==== Exercise input ====

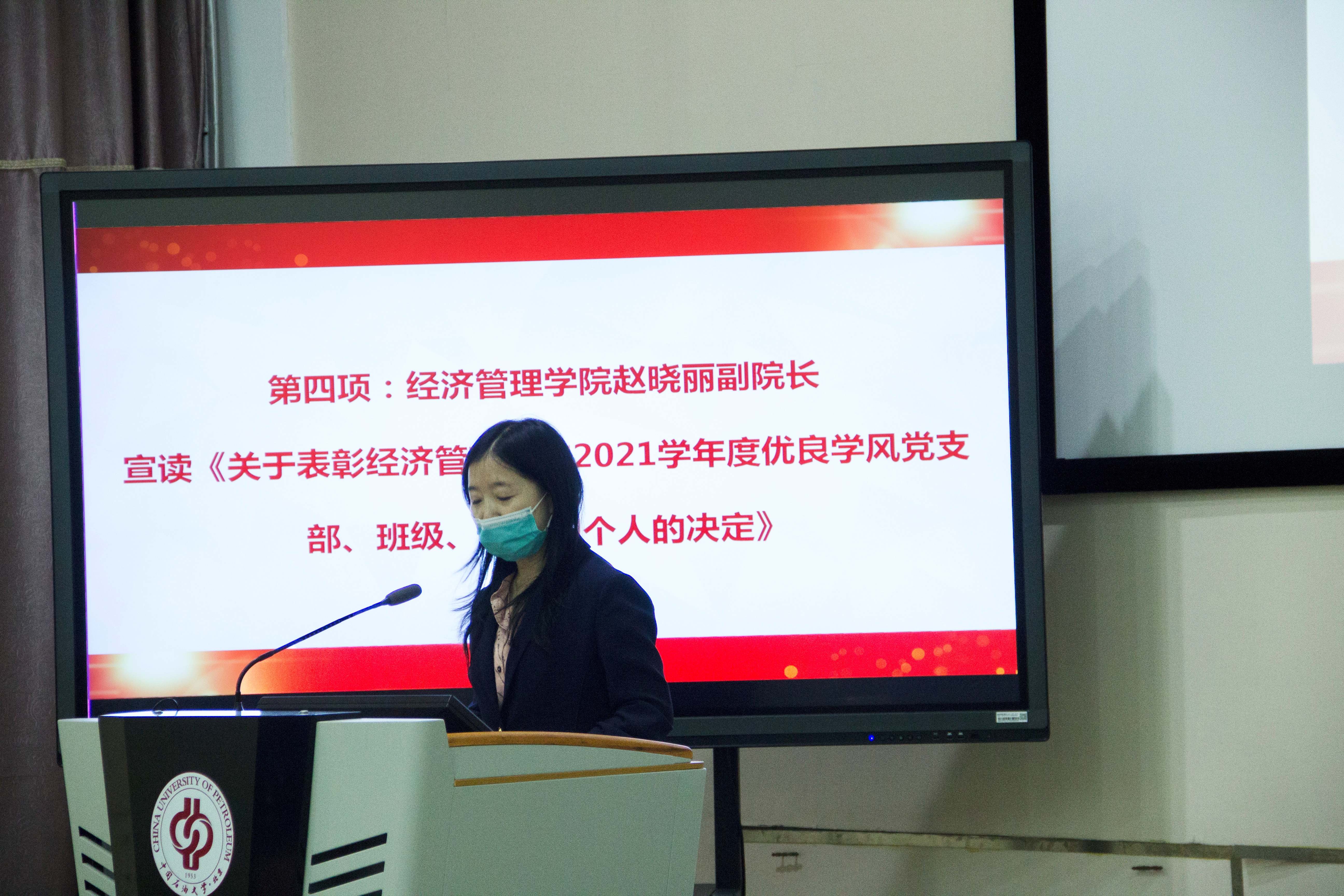 赵晓丽宣读了《关于表彰经济管理学院2021年度优良学风党支部、班级、宿舍和个人的决定》,并宣布了表彰名单,表扬了受表彰的集体和个人。
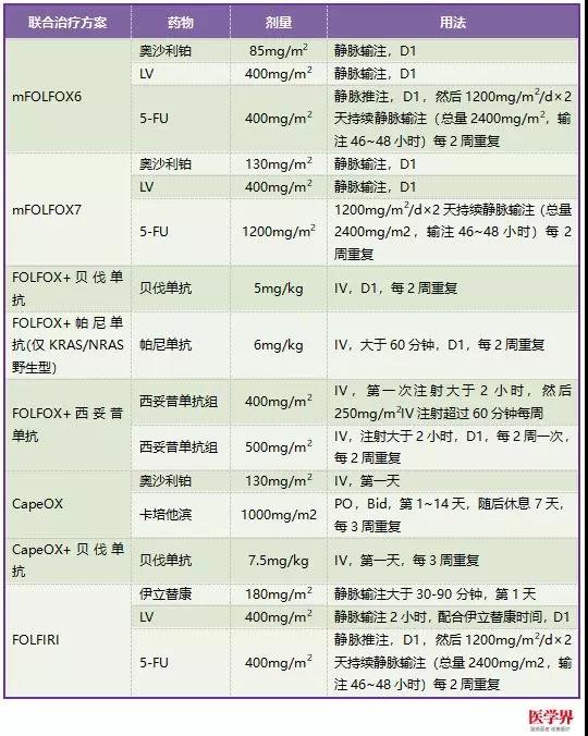最後,界哥整理瞭NCCN指南中結直腸癌常用化療方案的用法用量推薦,拿好不謝!
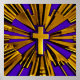 Dourada cruz com raios roxo e dourado. Criado com o uso do software AI.
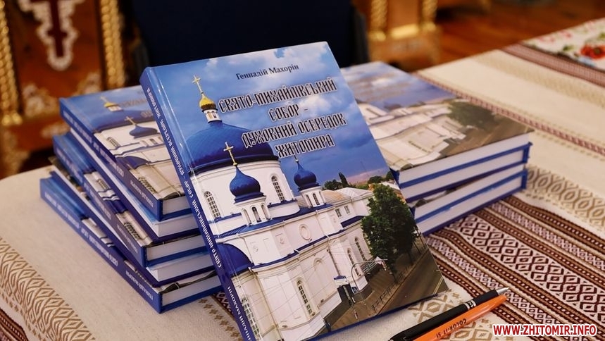«Ми відзначатимемо 170 років з часу побудови Свято-Михайлівського собору. Ця книга присвячена саме історії побудови, життю вірян, яке було навколо храму. У цій книзі люди відчують дух часу, побачать відомих, видатних людей, які були вірянами собору та зрозуміють, наскільки це був важливий духовний осередок нашого міста і можливо навіть нашого краю. Сьогодні цей храм є осередком українського духовного життя, якраз відновленню релігійного життя в цьому храмі та поверненню його вірянам приділено велику увагу на основі спогадів, безпосередніх учасників відновлення релігійного життя. Я старався згадати тут якомога більше людей причетних до цієї шляхетної справи. Книга вже два місяці продається в книгарні «Знання», буду радий, якщо вона викличе зацікавлення у громадян і люди пізнають історію цього храму та людей, пов'язаних із ним», – говорить кандидат історичних наук та автор книги «Свято-Михайлівський собор – духовний осередок Житомира» Геннадій Махорін.
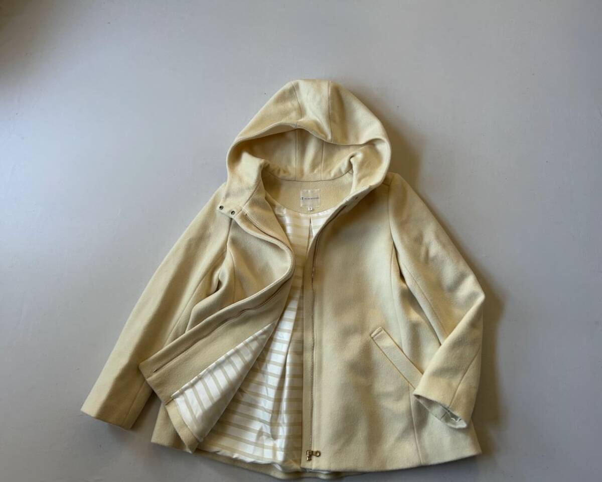 組曲 KUMIKYOKUの、これからの季節に活躍してくれるフーディージャケット、コートです。 色 オフホワイト フロントファスナー開閉 首元スナップボタン留め 左右ハンドポケット付き サイズ表示 2 実寸 着丈62cm 胸囲50cm 肩幅35cm 袖丈55cm くらい (平置きにて計測しております。) 素材 毛94% ナイロン6% 裏地付き *画像でコーディネートした他アイテムは付属致しません。 中古品とお考え下さい。 特に目立つ汚れやキズはありません。 また、写真画像はモニター環境や撮影状況などに応じて、実際の商品とお色と少し異なる場合があります。よろしくお願いいたします。 ダメージの見落としがある場合はご容赦ください。 他、気になる点はご質問下さい。 なお、落札後のキャンセルはできません。 発送後はノーリターン、ノークレームでお願いします。 オークション終了後、2日以内にご連絡が取れる方のみご入札下さい。 万が一連絡が遅くなってしまう場合は、オークション終了前に、必ず質問欄より お問い合わせ下さい。 | ||||||||

====

- Requirement: The expected output is each entry given again word for word, with pictures dropped.

- Answer section:
 赵晓丽宣读了《关于表彰经济管理学院2021年度优良学风党支部、班级、宿舍和个人的决定》,并宣布了表彰名单,表扬了受表彰的集体和个人。
最後,界哥整理瞭NCCN指南中結直腸癌常用化療方案的用法用量推薦,拿好不謝!
 Dourada cruz com raios roxo e dourado. Criado com o uso do software AI.
«Ми відзначатимемо 170 років з часу побудови Свято-Михайлівського собору. Ця книга присвячена саме історії побудови, життю вірян, яке було навколо храму. У цій книзі люди відчують дух часу, побачать відомих, видатних людей, які були вірянами собору та зрозуміють, наскільки це був важливий духовний осередок нашого міста і можливо навіть нашого краю. Сьогодні цей храм є осередком українського духовного життя, якраз відновленню релігійного життя в цьому храмі та поверненню його вірянам приділено велику увагу на основі спогадів, безпосередніх учасників відновлення релігійного життя. Я старався згадати тут якомога більше людей причетних до цієї шляхетної справи. Книга вже два місяці продається в книгарні «Знання», буду радий, якщо вона викличе зацікавлення у громадян і люди пізнають історію цього храму та людей, пов'язаних із ним», – говорить кандидат історичних наук та автор книги «Свято-Михайлівський собор – духовний осередок Житомира» Геннадій Махорін.
 組曲 KUMIKYOKUの、これからの季節に活躍してくれるフーディージャケット、コートです。 色 オフホワイト フロントファスナー開閉 首元スナップボタン留め 左右ハンドポケット付き サイズ表示 2 実寸 着丈62cm 胸囲50cm 肩幅35cm 袖丈55cm くらい (平置きにて計測しております。) 素材 毛94% ナイロン6% 裏地付き *画像でコーディネートした他アイテムは付属致しません。 中古品とお考え下さい。 特に目立つ汚れやキズはありません。 また、写真画像はモニター環境や撮影状況などに応じて、実際の商品とお色と少し異なる場合があります。よろしくお願いいたします。 ダメージの見落としがある場合はご容赦ください。 他、気になる点はご質問下さい。 なお、落札後のキャンセルはできません。 発送後はノーリターン、ノークレームでお願いします。 オークション終了後、2日以内にご連絡が取れる方のみご入札下さい。 万が一連絡が遅くなってしまう場合は、オークション終了前に、必ず質問欄より お問い合わせ下さい。 | ||||||||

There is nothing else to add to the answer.